It was a while ago I mentioned some
fragrant combinations for autumn using Diptyque candles and room scents, promising to come back with more.
Diptyque offers a small guide of scent combinations of its famous candles for scenting your space -a sort of olfactory landscaping- to create your own atmosphere, evoking a different mood than the one currently roaring and howling outside. Actually Diptyque have championed the art of scent layering since their very beginning. These below are of a different ilk than previously, less rust & gold and more a breath of fresh awakenings, like grains sprouting under the snow. But even if you're bent on the holiday spirit and enjoy the warming effluvium of the classic scents of the season, the new limited edition 2012 collection in its chic containers (below) brings on a smile to the lips.
Oliban and Sapin Dore are the very spirit of the holidays: the cool frankincense reminds us that there is a liturgical background to the festivities, while the warm and clean pine scent is complementing all the natural, outdoorsy smells of the season.

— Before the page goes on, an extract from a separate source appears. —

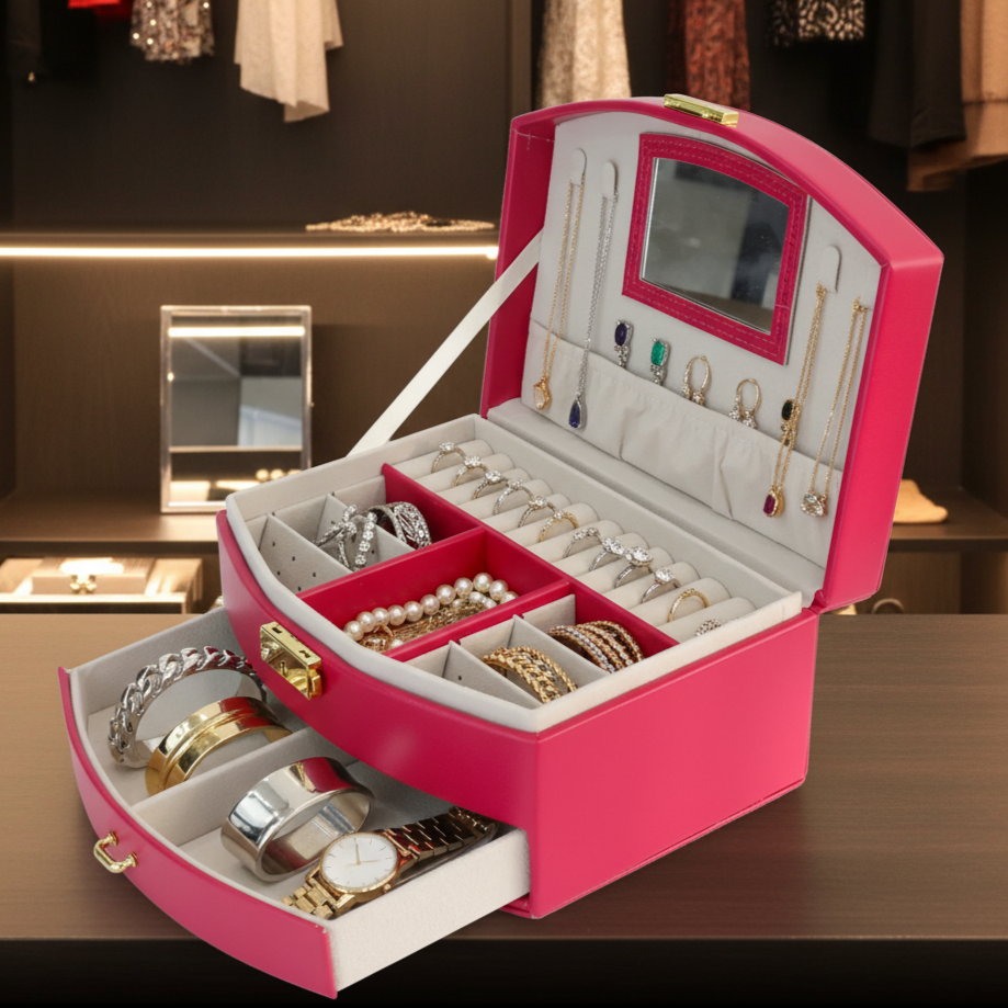 Organisez vos bijoux avec élégance grâce à cette boîte à bijoux en simili cuir, parfaite pour garder vos trésors en sécurité.

Gardenia and Santal are classic Diptyque candles and by combining the lush scent of the waxy-petaled white flower and the soft milky note of sandalwood you get a bridge from winter to spring, an optimistic reminder that good things lie awaiting.
Verveine and Menthe Vert (i.e. lemon verbena and green mint) is a classic office and work desk combination that is mind-clearing. It helps me get my thoughts off the loom and gloom outside and into focusing to the projects I have to accomplish before dusk sets.
Roses and Lierre when burnt together are delightfully reminiscent of an English garden by the river; the pink roses are dewy and trembling under the coolness of the approaching evening, the ivy leaves are reinforcing the vegetal, cool aspect.
Maquis and Figuier is probably the combination I'm feeling most nostalgic about, reminiscent as it is of the scent of the Mediterranean countryside, filled with the burnished copper of immortelle, the sapling of the fig tree and its bittersweet smelling leaves. Summer will come, in the end.
No comments:
Post a Comment
Type your comment in the box, choose the Profile option you prefer from the drop down menu, below text box (Anonymous is fine too!) and hit Publish.
And you're set!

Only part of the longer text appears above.